- WHAT TO PRODUCE
Transcribe word for word the section of the records below that opens with the line containing "vibrant lights, background" and closes with the line containing "很多新晋物流人都以为申通、圆"; drop every picture.

- AVAILABLE DATA
☆ ☆ ☆ ☆ ☆

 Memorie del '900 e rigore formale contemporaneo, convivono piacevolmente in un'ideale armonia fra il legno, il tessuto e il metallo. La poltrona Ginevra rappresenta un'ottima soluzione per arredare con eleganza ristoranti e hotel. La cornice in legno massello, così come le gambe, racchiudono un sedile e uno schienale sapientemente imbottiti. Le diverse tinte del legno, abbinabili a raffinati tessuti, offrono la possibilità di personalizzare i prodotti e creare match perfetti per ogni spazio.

☆ ☆ ☆ ☆ ☆

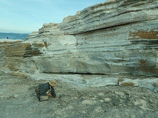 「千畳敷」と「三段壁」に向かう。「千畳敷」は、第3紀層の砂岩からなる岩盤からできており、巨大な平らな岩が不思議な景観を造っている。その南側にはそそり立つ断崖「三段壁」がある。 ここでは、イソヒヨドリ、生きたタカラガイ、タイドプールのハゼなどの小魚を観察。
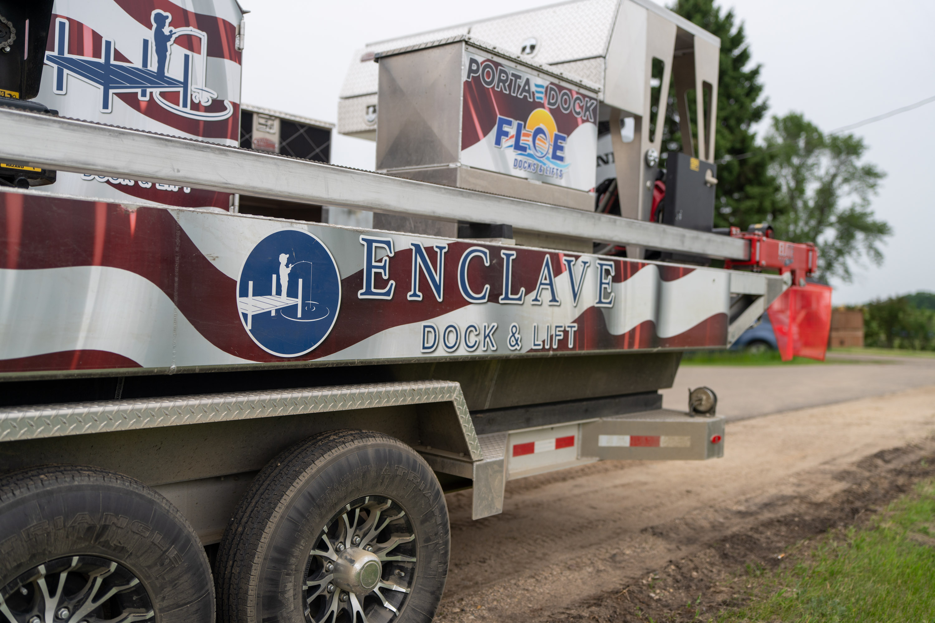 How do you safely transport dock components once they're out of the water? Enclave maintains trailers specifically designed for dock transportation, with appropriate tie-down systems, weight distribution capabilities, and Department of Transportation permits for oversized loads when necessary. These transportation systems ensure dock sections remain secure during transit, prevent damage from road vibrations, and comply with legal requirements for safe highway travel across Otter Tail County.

☆ ☆ ☆ ☆ ☆

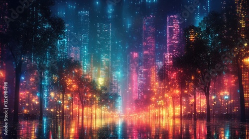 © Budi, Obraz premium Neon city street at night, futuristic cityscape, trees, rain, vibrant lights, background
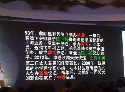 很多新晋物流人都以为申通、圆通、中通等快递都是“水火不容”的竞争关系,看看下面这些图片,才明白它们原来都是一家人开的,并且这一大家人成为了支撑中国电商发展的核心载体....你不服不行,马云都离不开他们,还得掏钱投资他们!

☆ ☆ ☆ ☆ ☆

- ANSWER SPACE
 © Budi, Obraz premium Neon city street at night, futuristic cityscape, trees, rain, vibrant lights, background
 很多新晋物流人都以为申通、圆通、中通等快递都是“水火不容”的竞争关系,看看下面这些图片,才明白它们原来都是一家人开的,并且这一大家人成为了支撑中国电商发展的核心载体....你不服不行,马云都离不开他们,还得掏钱投资他们!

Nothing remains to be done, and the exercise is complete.